De beekprik (Lampetra planeri), ook bekend als de westelijke beekprik, is een kleine Europese lampreisoort die uitsluitend in zoetwateromgevingen leeft. De soort is verwant aan, maar verschilt van, de Noord-Amerikaanse westelijke beekprik (Lampetra richardsoni). De beekprik is een veel voorkomende, niet-parasitaire (op andere dieren levende) soort die voorkomt van Noord-Amerika tot Noord-Europa. Volwassen beekprikken zijn 12 tot 14 cm lang. Het lichaam is sterk langwerpig en donkerblauw of groenachtig van boven, lichter tot geelachtig gebroken wit aan de zijkanten en zuiver wit aan de buikzijde.
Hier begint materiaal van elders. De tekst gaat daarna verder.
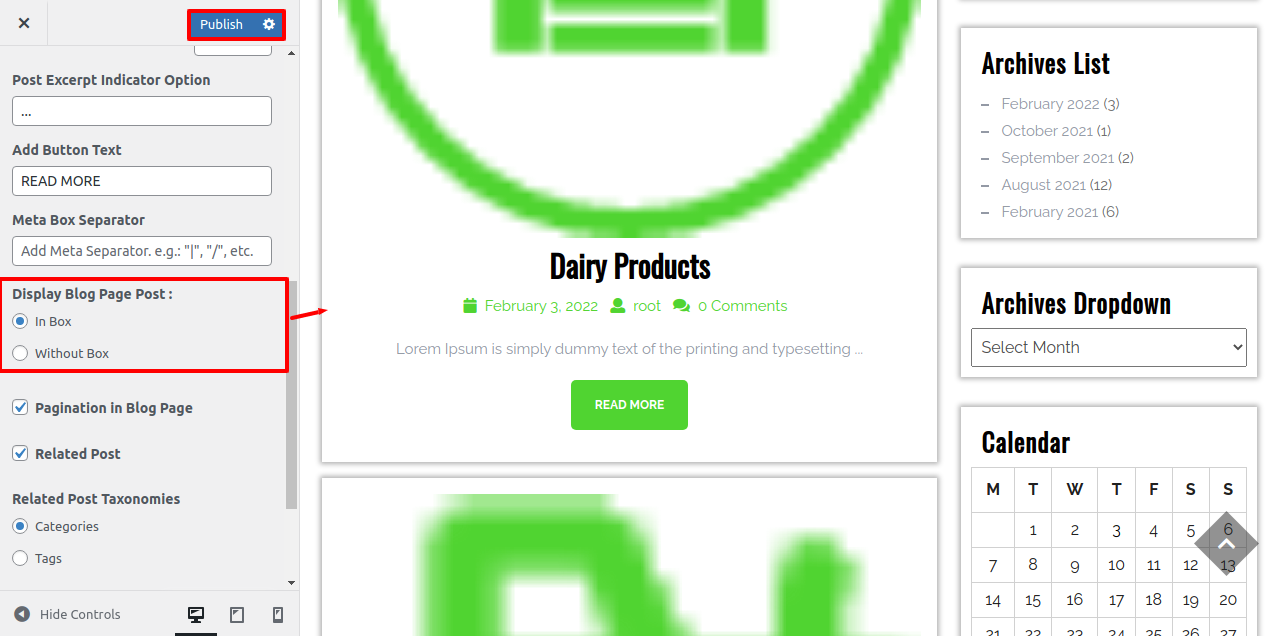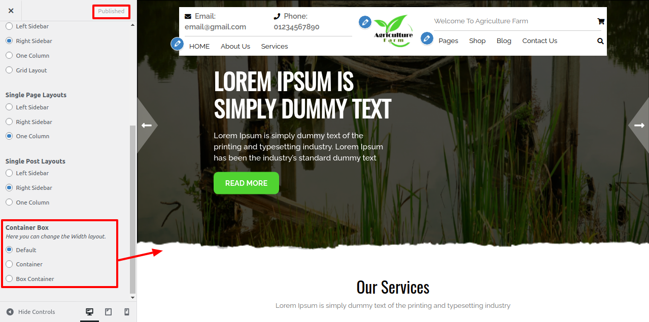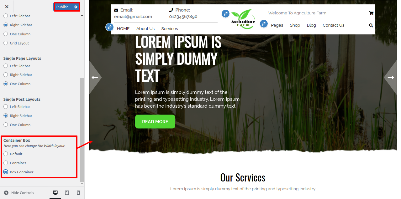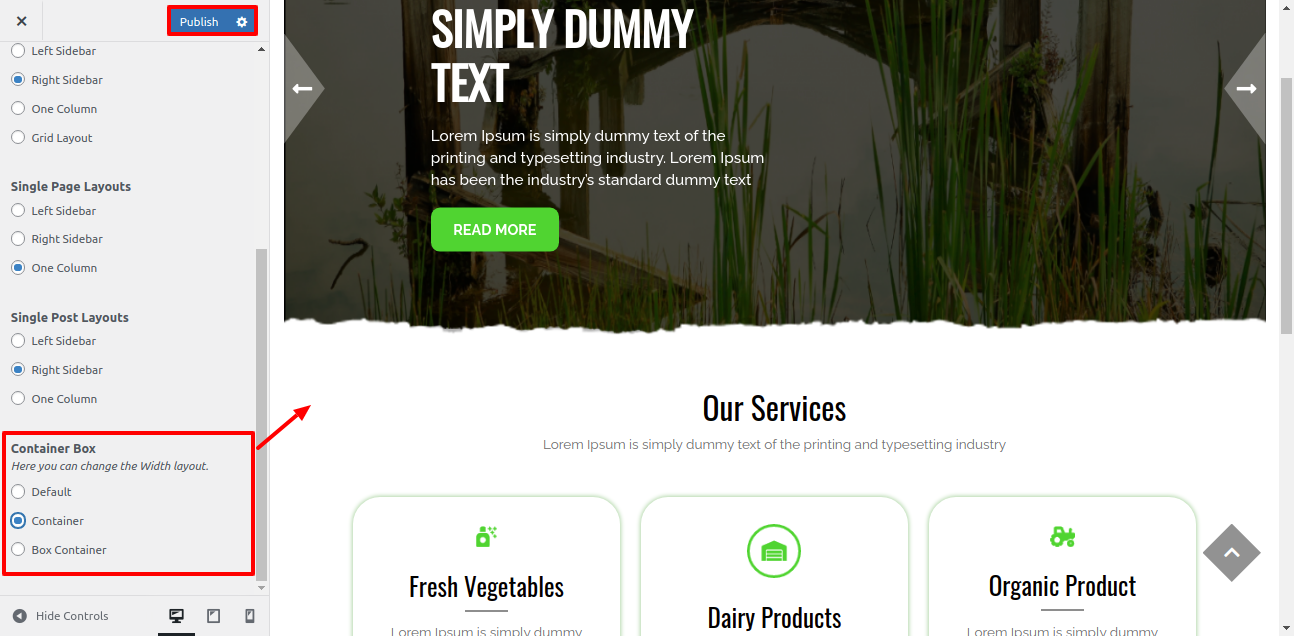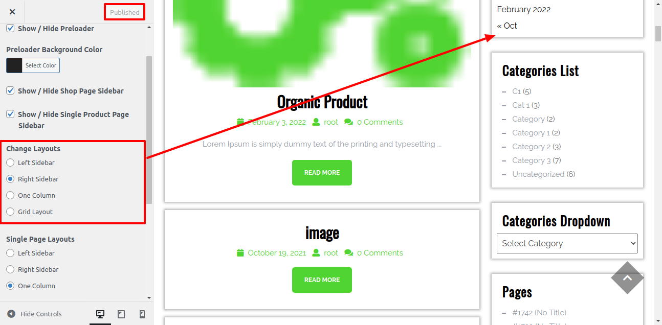 Go to Appearance >> Customize >> Themes Settings >> Layout Settings
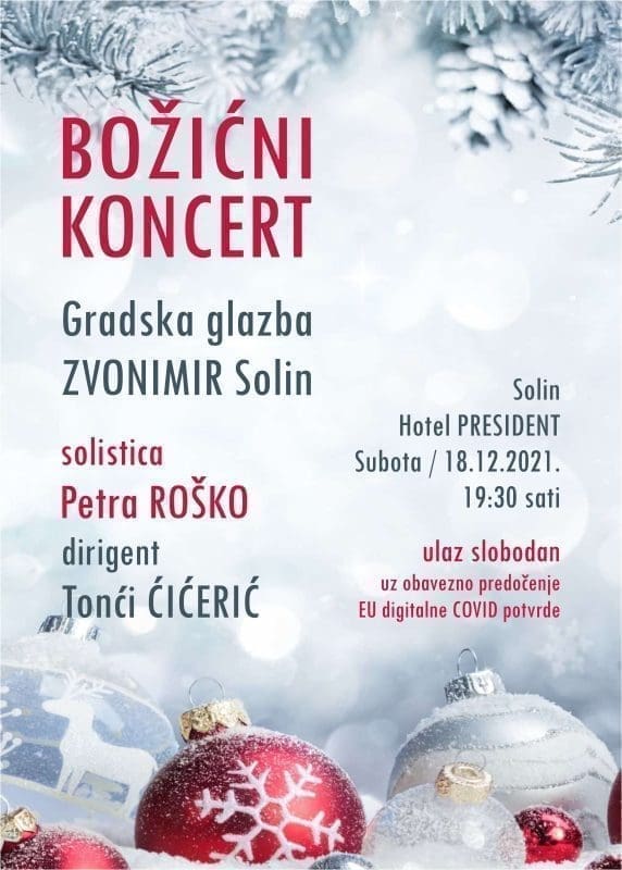 Gradska glazba "Zvonimir" Solin priređuje svoj tradicionalni Božićni koncert, u subotu, 18. prosinca 2021., s početkom u 19:30 sati u Hotelu President u Solinu.
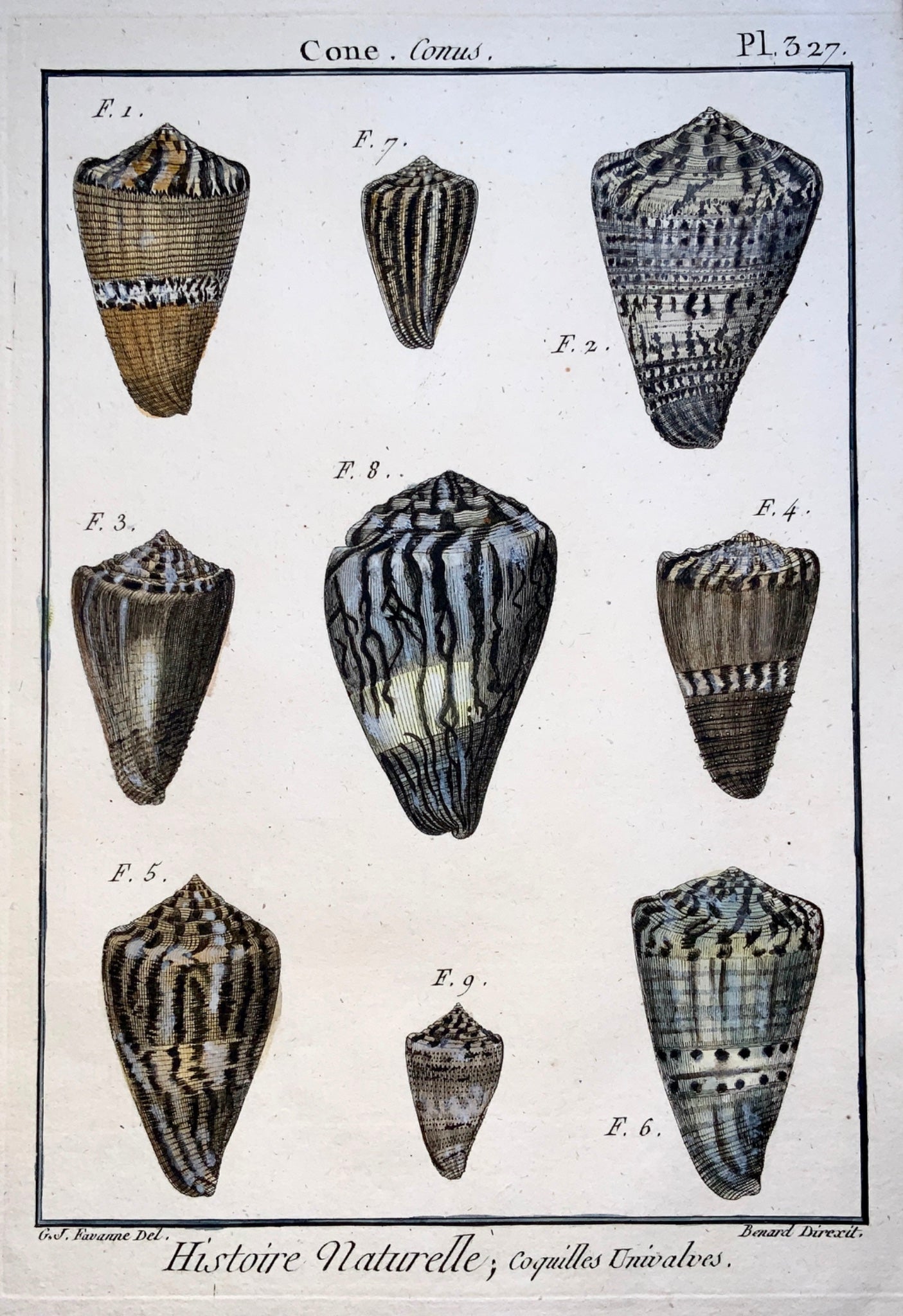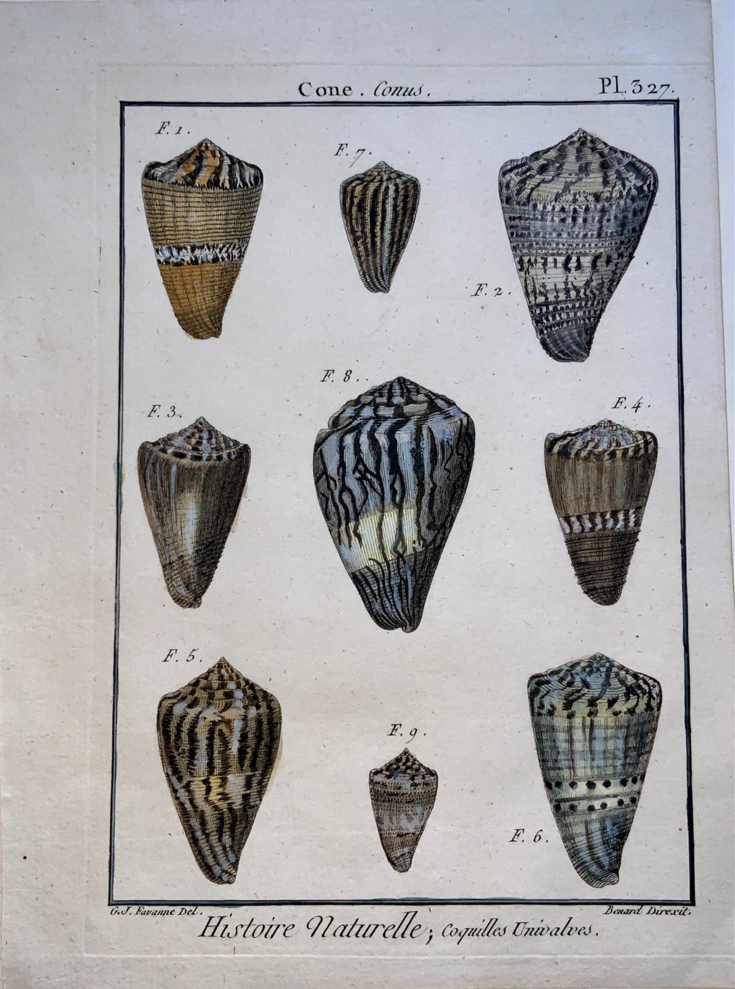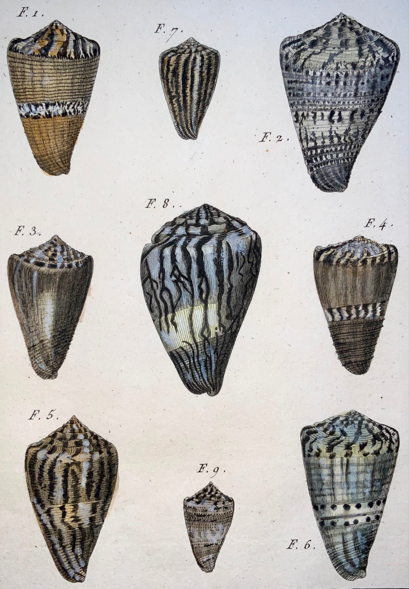 1789 J. G. Favanne; H.J. Redoute - CONE Conus Seashell Conchology hand colour
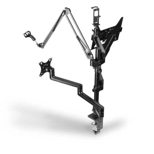 Индивидуално използваем статив за стрийминг с 4 регулируеми на височина рамена и включени различни аксесоари - идеален за стрийминг настройка, като студио за стрийминг на живо и за игри, за влогъри и стрийминг сесии в Twitch, YouTube и др., като ергономична работна станция в офиса или домашен офис и др.
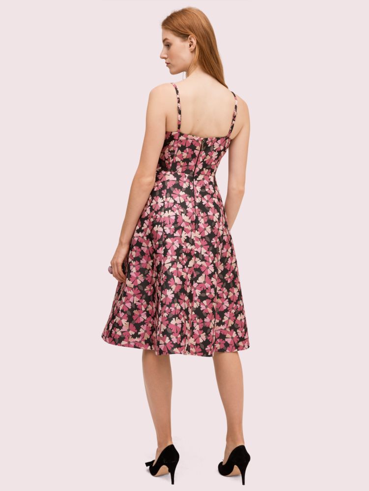 in our world, flowers are always in bloom. see: the graphic pink jacquard blossoms on this black sleevless fit-and-flare dress. look closely and you'll find we wove it with metallic thread throughout. we finished it with a sweetheart neck and slender spaghetti straps to up the femininity.
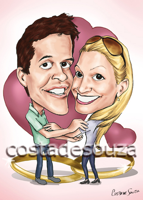 maio 29, 2011 por Costa de Souza Deixe um comentário Noivos Caricatura sob encomenda para festejar a união deste casal de Blumenau – SC. Caricatura completa, com direito a fundo personalizado conforme pedido do cliente. Colorida com acabamento digital.

Zoals alle prikken hebben deze vissen geen gepaarde vinnen en hebben ze een ronde zuigschijf in plaats van kaken, die gevuld zijn met stompe tanden. Ze hebben een enkel neusgat en zeven kleine kieuwopeningen aan weerszijden achter het oog. De beekprik is te onderscheiden van de nauw verwante rivierprik (Lampetra fluviatilis) doordat de twee rugvinnen nauwer met elkaar verbonden zijn.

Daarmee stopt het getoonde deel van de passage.